## Aim of the task
Print the data below verbatim, minus images.

## Dataset content
--- START ---

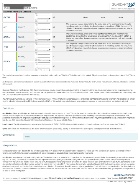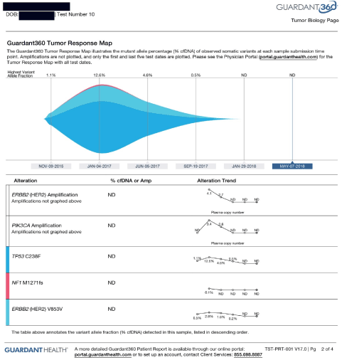 Her circulatory DNA was measured through Guardant360, and it was positive for PI3K and TP53 alterations with elevated MAF, measured on 11/9/15, 12/1/15 and negative on 12/30/15. She received trastuzumab along with IV epigenetic therapies, which could explain the disappearance of ERBB2 from her CTC and/or cDNA, however there are no expected positive effects from trastuzumab on P53, or PI3K, nor the cMYC present at her initial CTC. We contribute these results to the IV epigenetic therapies she received in the interim, as this therapy in fact targets cMYC, P53 and PI3K simultaneously.
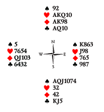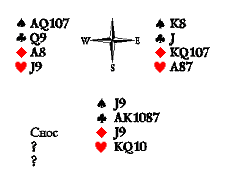 Поэтому я бы на месте Юга снёс по одной пике и бубне, страхуясь от сюркупа, особенно неприятного, если вистовать будут втёмную.
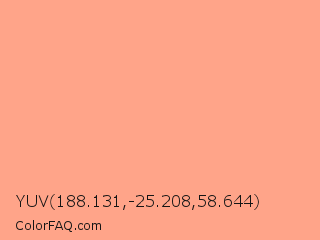 YUV 188.131,-25.208,58.644 Color is a light red color and the nearest color is Vivid Tangerine #ffa089. Hex code #ffa489 and RGB value is rgb(255,164,137). In RGB color space, this color is composed of 100% red, 64% green, 54% blue, In CMYK color space, this color is composed of 0% cyan, 36% magenta, 46% yellow , 0% black , In HSL color space, this color has a hue angle of 14° , 100% saturation and 77% lightness.

--- END ---

## Completed task
 Her circulatory DNA was measured through Guardant360, and it was positive for PI3K and TP53 alterations with elevated MAF, measured on 11/9/15, 12/1/15 and negative on 12/30/15. She received trastuzumab along with IV epigenetic therapies, which could explain the disappearance of ERBB2 from her CTC and/or cDNA, however there are no expected positive effects from trastuzumab on P53, or PI3K, nor the cMYC present at her initial CTC. We contribute these results to the IV epigenetic therapies she received in the interim, as this therapy in fact targets cMYC, P53 and PI3K simultaneously.
 Поэтому я бы на месте Юга снёс по одной пике и бубне, страхуясь от сюркупа, особенно неприятного, если вистовать будут втёмную.
 YUV 188.131,-25.208,58.644 Color is a light red color and the nearest color is Vivid Tangerine #ffa089. Hex code #ffa489 and RGB value is rgb(255,164,137). In RGB color space, this color is composed of 100% red, 64% green, 54% blue, In CMYK color space, this color is composed of 0% cyan, 36% magenta, 46% yellow , 0% black , In HSL color space, this color has a hue angle of 14° , 100% saturation and 77% lightness.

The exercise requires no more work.